The method we have used is known as the weighted prediction error(WPE) which is an improvisation over the multichannel linear prediction mentioned earlier by dividing the speech signal into small time frames and resolving it in the frequency domain.

We cannot use Fourier Transformation right away due to the varying nature of frequency of speech signal with time. So we divide the signal into frames and apply FFT to it using STFT. To this we can then apply WPE to each frame which estimates the amount of past signal in the present (a Gaussian function with certain mean and variance is estimated) based on a prediction order. After this, we can subtract the estimation for a time frame and henceforth.

With DLP, the reverberation can be divided into two parts, viz, early and late reverb. It can be shown that DLP can suppress the late reverb effectively without significantly distorting the short time correlations of the speech, with the assumption that speech is stationary. With the use of time-varying speech characteristics with multichannel linear prediction, the reverbs have been reduced to a significant extent.

Results

We have recorded voice samples on our phones(non-reverberant), added reverb to them using a software known ‘Audacity’, fed this reverberant signal through the algorithm and evaluated the reverb-free reconstructed signal for similarity with the original reverb-free signal. We are finding mean absolute error( (1/m) * ( | original_signal[i] - reconstructed_signal[i] | ) for all i in m) at each discrete point and finding the percentage error.

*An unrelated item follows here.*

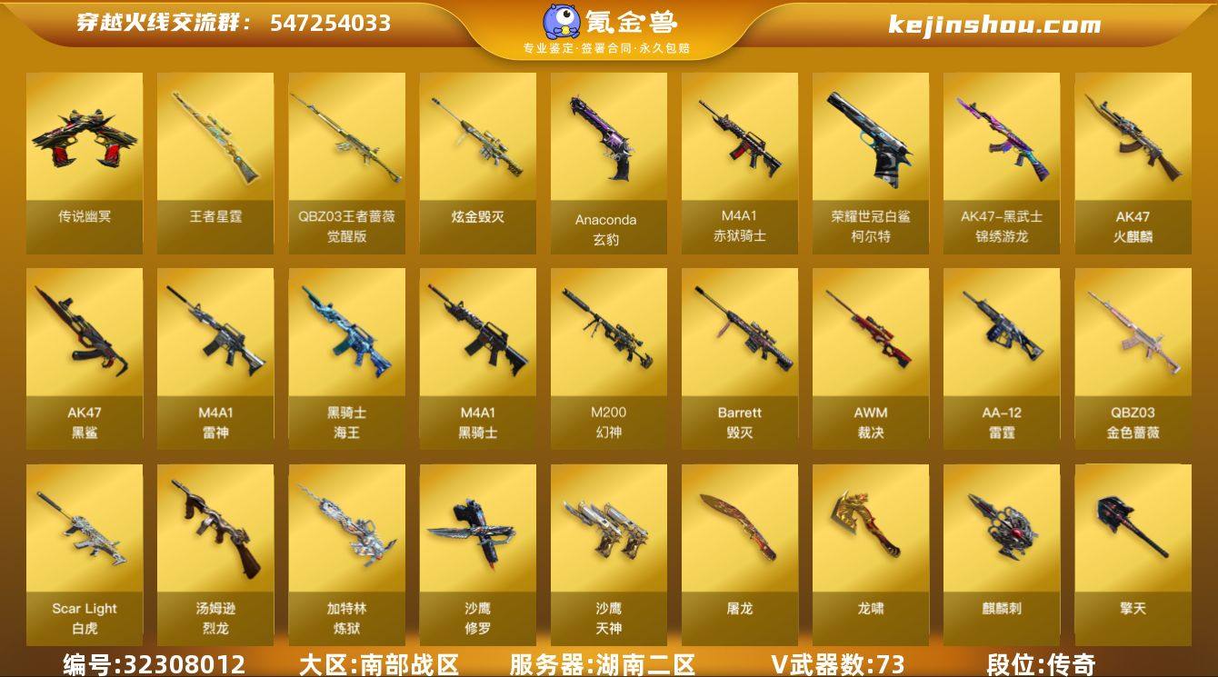【931276】湖南二区-78V-4王者武器数-1炫金武器数 【传说武器】:神威天绫,传说幽冥 【传说角色】:传说影煞 【热门武器】:传说幽冥,G36C-幻影,QBZ03-金色蔷薇,Scar Light-白虎,M4A1-青龙,M200-幻神,柯尔特-荣耀世冠白鲨2023,死亡之眼,M4A1-黑骑士*3,汤姆逊-烈龙*7,加特林-炼狱,斯泰尔-蝴蝶,MK5-炽火炎龙,羊驼玩偶,USP-雷暴,沙鹰-修罗*5,炽芒蝶刃*2,炽芒蝶刃-荣耀世冠白鲨2023 皮肤 【王者炫金武器】:王者星霆,王者冰锋,炫金毁灭 【音效卡】:M4A1-黑骑士音效卡,AWM-裁决音效卡,Barrett-碧霄极光音效卡,AWM-昌龙-怀旧音效卡 【皮肤】:幻神-星火小队签名臻藏版 皮肤,白虎-量子聚变 皮肤,裁决-巅峰荣耀 皮肤,雷神-能量核心,雷神-R.LGD-CFPLS18冠军,火麒麟-冠军之心,火麒麟-新春kwai乐,毁灭-暗月*2,毁灭-冠军之怒,毁灭-SV-CFPLS16冠军,黑骑士-暗月*3,无影-暗月*3,无影-霓裳皮肤,死神-秘银,天启-暗月*4,炼狱-星空,修罗-能量核心,天神-暗月*3,屠龙-破浪逐光 皮肤,龙啸-巅峰荣耀 皮肤,炽芒蝶刃-荣耀世冠白鲨2023 皮肤 【角色】:隼,战地猎狐,王者-瞳-闭月羞花,王者-魅影,蛇隐宗,暗夜-X,初恋灵狐,飞虎队-X,嘉年华灵狐,灵狐者...

We see that there is around 65-80 % accuracy in the results.

The signal plotted in the top part of the image is the original signal containing reverb and the signal below that is the one with the reverb removed. It is a frequency(kHz) vs time(sec) graph

Analysis and Discussion

We saw that the late reverbs were removed to a good extent when the number of input channels was at least three. We had recorded samples on our phones with 2 input channels only, which is why the reverb was not removed to a great extent.

For speech signals with atleast 3 input channels, the outputs were much better.

We also observed that setting the prediction order according to the RTF of the room brought great changes even when the number of input channels was low. This is something we hadn’t observed previously.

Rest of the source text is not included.